Comune di Latina, la mozione che richiama il segretario generale ai compiti d’ufficio

Il segretario generale del Comune Rosa Iovinella e il sindaco Damiano Coletta

Il parere di conformità degli atti amministrativi non è soltanto un obbligo morale per l’impegno assunto nei confronti dei cittadini ma è anche una garanzia per la trasparenza dell’azione amministrativa e per la legittimità della medesima.

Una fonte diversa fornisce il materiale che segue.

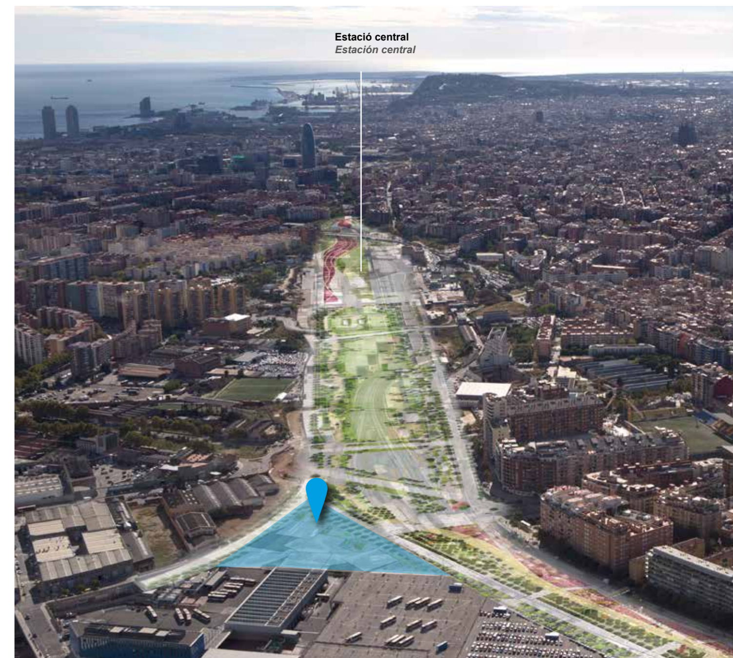
Estació central Estación central
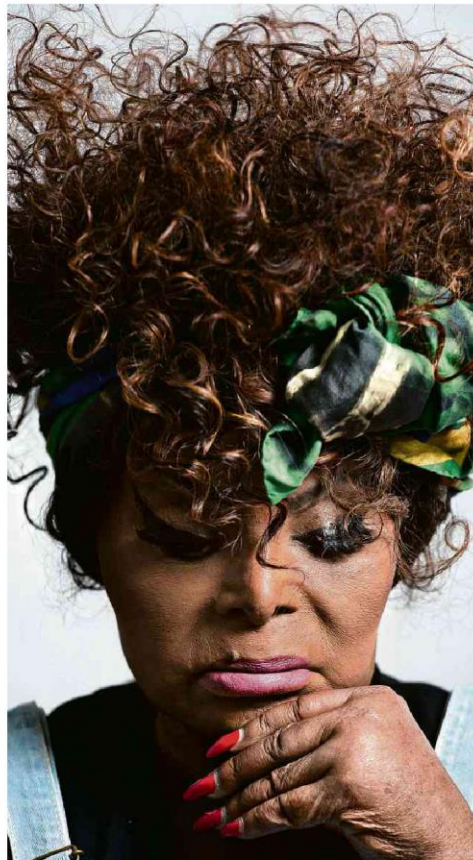
A intérprete Elza Soares, 90, em seu apartamento no Rio de Janeiro.
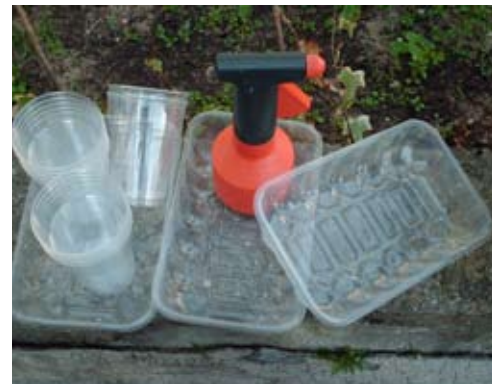
Il kit (tutto riciclato) del buon contadino urbano.
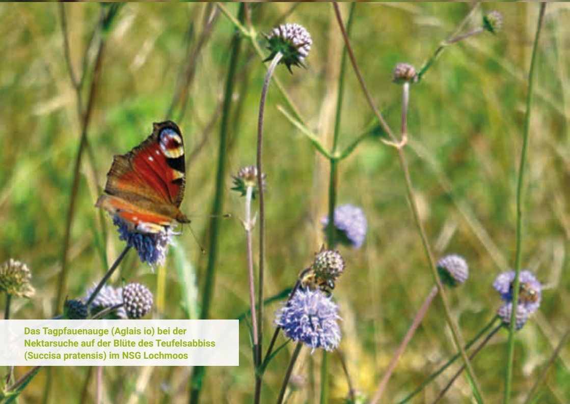
Das Tagpfauenauge ( Aglais io ) bei der Nektarsuche auf der Blüte des Teufelsabbiss ( Succisa pratensis ) im NSG Lochmoos
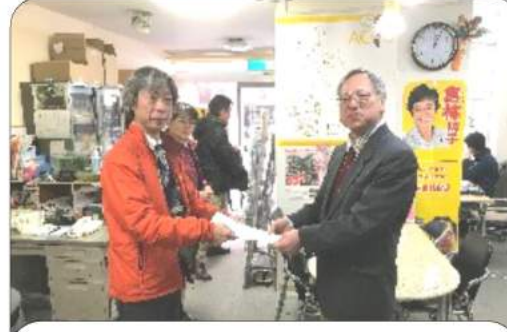
共産党国政事務所長に要請

この「定員合理化計画」が来年度末で終了となることから、政府は新たな「定員合理化計画」を策定しようとしています。京都国公は、新たな定員削減計画に反対し、国公労連が取り組む「公務・公共サービス拡充を求める請願署名」への賛同と
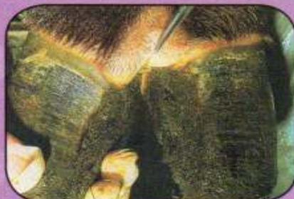
Φυσαλίδα στο μεσοδακτύλιο διάστημα νυχιών αγελάδας. (αλλοιώσεις 2 ημερών).
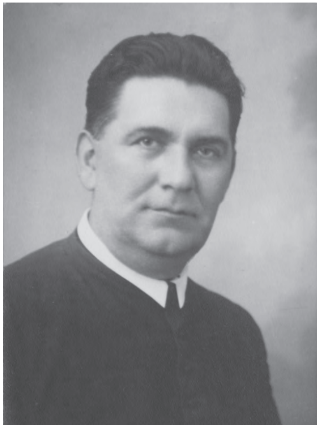
Herczegh Frigyes (1903–1987)
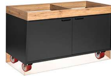
Buffettisch Valinta XL Wandelement groß fahrbar mit Türen 140x81x70 cm (BxHxT) anthrazit/eiche 30222571
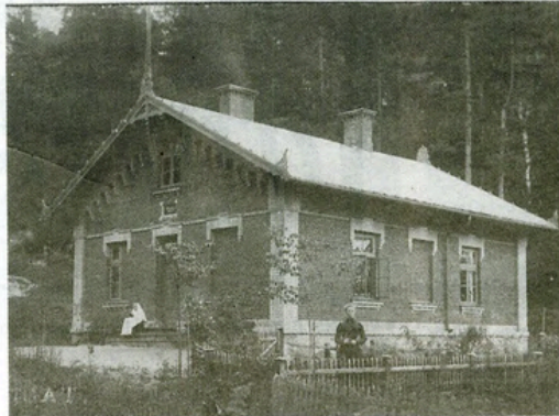
■"Wilhema", kurā darbojās Līgatnes papīrfabrikas slimokases bibliotēka.

70., 80. gados bibliotēkas darbs spīgti redzami tā laika ideoloģiskie uzdevumi. Sociālistiskajā sacensībā katrai iestādei bija sevi jāparāda. Šodien ar smaidu var lasīt sociālistiskās saistības 1983.gadam, ka Līgatnes "bibliotēka apņemas palielināt lasītāju skaitu par 15, izsniegtu par 800, padziļināt darbu ar grupu jaunies dabas draugi, izveidot grāmatu nosaukumu kartotēku, papildināt novadpētniecības mapi, celt profesionālo un izglītības līmeni". Sociālistiskajā sacensībā līgatniešiem vienīgi konkurenti bija
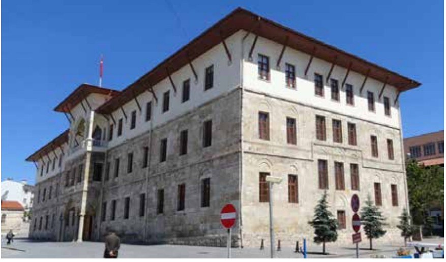
Sivas Valilik Binası

Üstteki büyük çini kabartma kitabe; “Biz geniş saraylardan dar kabirlere çıkarıldık. Malım mülküm bana fayda vermedi, saltanatım mahvoldu. Fani dünyadan ahrete yolculuk günü 617 şevvalin dördü” anlamına gelen bir yazı kuşağı yer almaktadır. Süslemede geometrik geçmeler, yıldızlar, kufi yazılar, mavi, lacivert, firuze ve beyaz renkleri ile şifa hanenin en önemli bölümünü oluşturmaktadır.
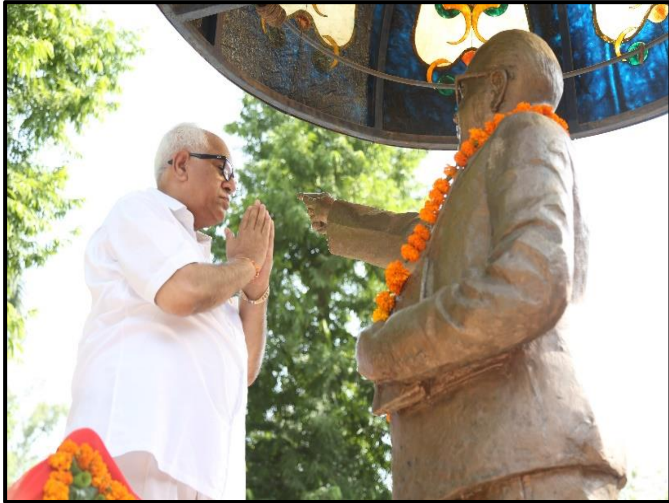
Independence day celebration in University campus 15-08-2017

Pesa come un sasso la citazione contenuta nella mozione depositata il 28 agosto scorso, dai consiglieri comunali Nicola Calandrini, Andrea Marchiella e Matilde Celentano, e calendarizzata oggi per la prossima assise civica che impegna il sindaco di Latina, Damiano Coletta, a richiedere al segretario generale dell’ente “di esprimere il proprio parere in ordine alla conformità dell’azione amministrativa alle leggi, agli statuti ed ai regolamenti, in relazione ad ogni proposta di deliberazione sottoposta all’approvazione della Giunta Municipale e del Consiglio Comunale”. 

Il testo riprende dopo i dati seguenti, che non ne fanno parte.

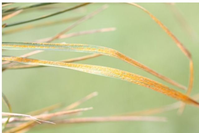
Billede 3. Gulrust i engrapgræs. Her sidder sporehobene i striber.

Kontakt din lokale rådgivningsvirksomhed , hvis du vil vide mere om dette emne.
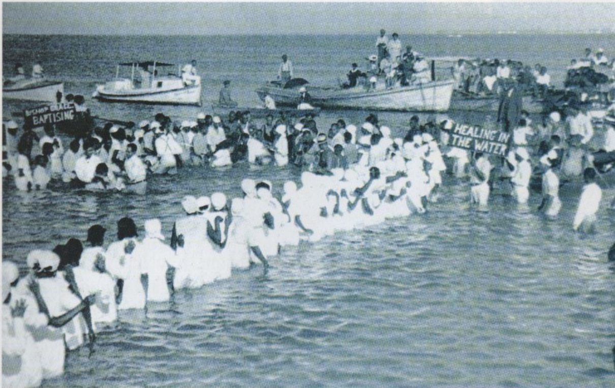
◀ Un baptême collectif dans le Sud, au sein de la communauté baptiste.

L'histoire du peuple noir américain est intimement mêlée à celle du christianisme dans le Nouveau Monde. Au sein de congrégations qui leur sont propres, les Noirs ont su créer une pratique musicale emblématique.
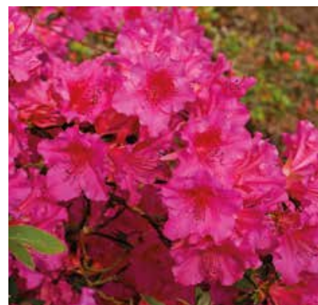
6 Rhododendron (AJ) 'Purple Splendor'

'Ook dit is een mooie plant, bladhoudend, met witte bloemen die heerlijk zoet geuren. Het is een wintergroene heester die tot 250 cm hoog kan worden. Toch hoeft hij slechts eenmaal per jaar gesnoeid te worden. Deze plant wordt ook gebruikt om "wolken" mee te maken, of mooie, bloeiende haagjes. In de tuin kan hij wel wat droogte hebben, maar het liefst heeft hij z'n wortels in vocht-houdende grond. Standplaats: bij voorkeur in de zon of halfschaduw. In mijn eigen tuin zit er elk jaar een vogelnestje in deze struik.'
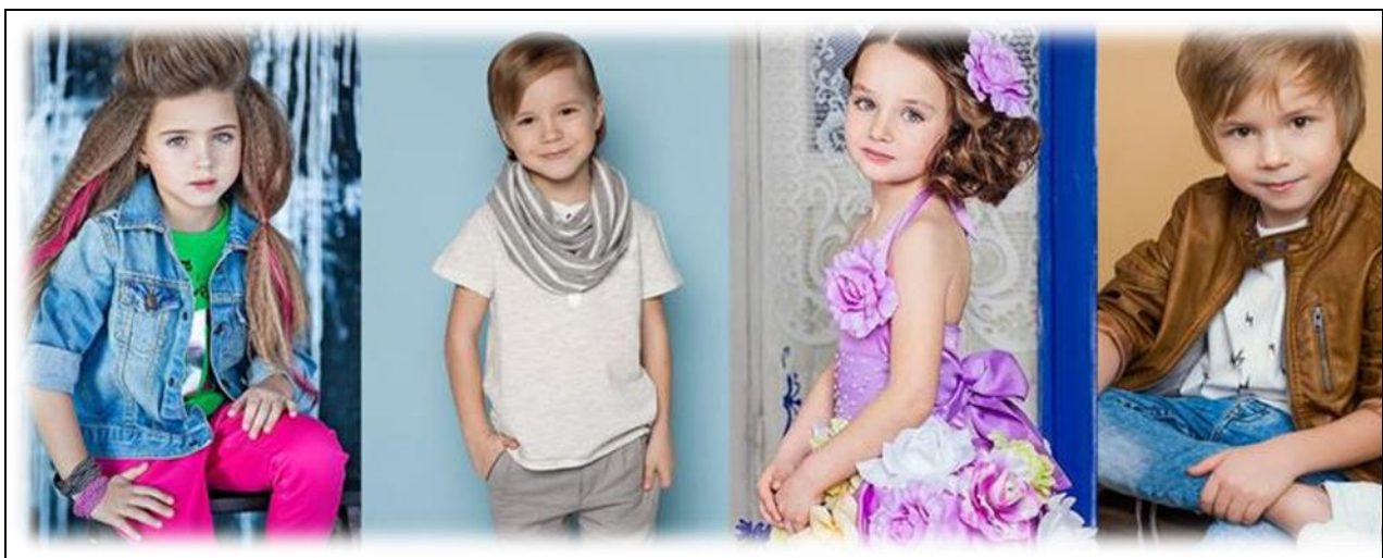
Полный модный детский образ
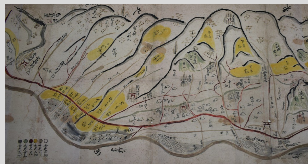
江戸時代の葛野地区の地図

・地域の歴史が知りたいと思い参加しました。昔の地域のこと、昔の歴史が繋がってきて、おもしろいです。(男性) ・元々、この生まれではないので、こういった話を聞きたくて参加をしました。地元で生まれ育った夫と、色々な話をするのが出来るようになりました。(女性)

Pesa perché la citazione che può sembrare un’ovvietà non trova riscontro nelle deliberazioni di questa amministrazione. Pesa perché il richiamo all’espressione del parere di conformità anche per atti importanti, quali quelli per la costituzione dell’azienda speciale dei rifiuti, è caduto nel vuoto. Pesa perché l’essenza della mozione è stata già scartata dalla maggioranza di Latina Bene Comune e tornerà presto in aula con una forza dirompente, visti i richiami alla legalità, principio fondante del nostro ordinamento, contenuti nell’atto sottoscritto dai consiglieri di opposizione. Pesa perché gli atti relativi alla mozione – avvertono gli esponenti di minoranza dei gruppi Fratelli d’Italia e Lista Calandrini – saranno trasmessi alla Corte dei conti e al Ministero dell’Interno (Agenzia dei segretari).

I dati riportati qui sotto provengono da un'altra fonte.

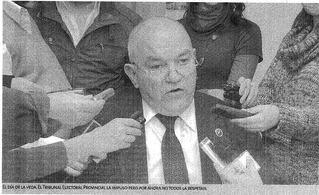
EL DÍA DE LA VEDA. EL TRIBUNAL ELECTORAL PROVINCIAL LA IMPUSO PERO POR AHORA NO TODOS LA RESPETAN.

Alguien dijo alguna vez que "los jueces son políticos con toga". Sin generalizar esta definición, puede decirse que el fallo respecto a las complementarias tuvo más contenido político que jurídico.
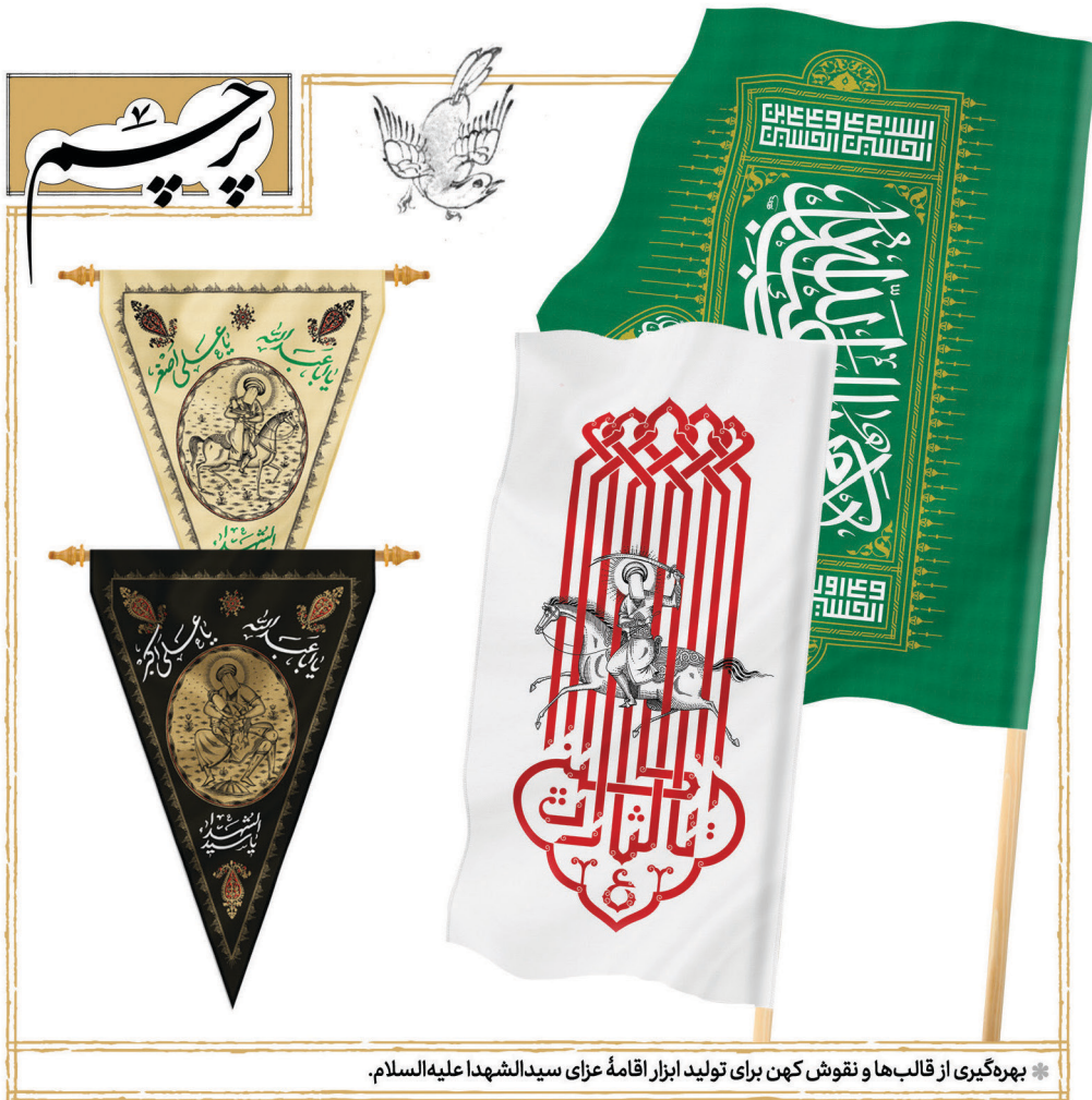
✽ بهره‌گیری از قالب‌ها و نقوش کهن برای تولید ابزار اقامه عزای سیدالشهدا علیه‌السلام.
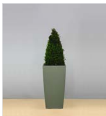
Hochgefäß 14 L 40 x B 40 / H 75 cm – mit Buchs-Kegel
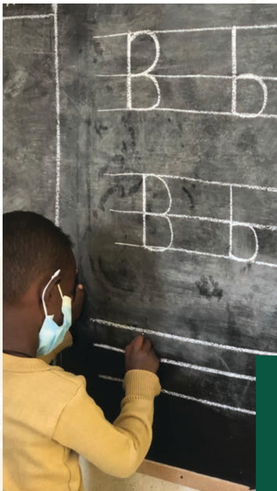
Estudiante de Beyond Borders trabajando muy duro.
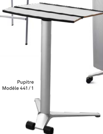
Pupitre Modèle 441 / 1
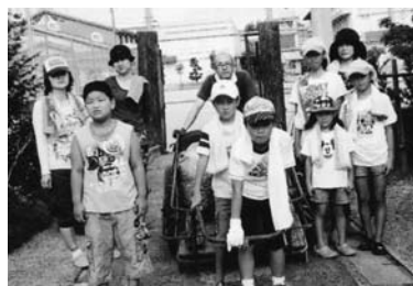
川掃除に参加した土橋子ども会の皆さん

土橋町内では、町内を流れる平塚川、土橋川、五丁野川の川掃除を行っています。平成11年から年3回、全世帯に呼びかけて毎回90人程度の参加者で実施してきました。 今年は7月10日(日)に川掃除を行いました。全世帯総出で川掃除をする大人たちの姿を見た土橋子ども会が、川掃除で出たごみの運搬作業の応援を申し出てくれました。

I due gruppi consiliari sottolineano nella mozione che il Testo unico degli enti locali individua nel segretario generale la figura istituzionale preposta a certificare la regolarità degli atti e la loro conformità a legge, statuto e regolamenti e che il Ministero dell’Interno e la Corte dei Conti considerano il parere di conformità obbligatorio negli atti deliberativi assunti dagli organi dell’ente. Per i sottoscrittori della mozione il sottrarsi all’onere del parere di conformità non è giustificabile nella scappatoia individuata in un chiarimento fornito in materia dal Ministero dell’Interno laddove si precisa che l’obbligatorietà della certificazione viene mantenuta qualora l’ente, in sede di autodeterminazione normativa, ovvero il sindaco, nell’esercizio del potere di direzione, lo richiedano espressamente. Perché è proprio questo il punto: che sia mantenuta questa obbligatorietà a garanzia della buona amministrazione. Dunque, il senso della mozione che impegna il sindaco, con proprio decreto, a richiedere al segretario generale l’onere di attenersi ai compiti di ufficio per il “sacrosanto diritto dei cittadini di sapere che gli atti che promanano dagli organi di governo  abbiano i crismi, tutti i crismi, della regolarità sostanziale e formale; della conformità a legge, statuto e regolamenti” e per la “serenità deliberante nel merito amministrativo che, rimanda a chi deputato, la verifica asettica, pura e tecnica”.

In un passaggio del testo della nuova mozione si legge: nel programma elettorale di LBC, scritto nero su bianco, è stato affermato, pochi mesi orsono, che ” … Riteniamo urgente ripristinare il rispetto delle procedure, con l’amministrazione finalmente al servizio del cittadino, applicando pienamente le leggi, a partire da quelle su trasparenza e corruzione…”. Una bordata alla maggioranza che ha respinto la precedente mozione “in un Consiglio deserto del pungolo democratico, vivo della sola pura maggioranza bolscevica dei numeri”, che “fregiandosi sempre di legalità” ha tradito e violato il mandato popolare ricevuto.

Il quanto alla trasmissione degli atti alla Corte dei Conti e all’Agenzia dei segretari costituirebbe una segnalazione della presenta mancata assunzione dei responsabilità che attiene al compito d’ufficio del segretario generale.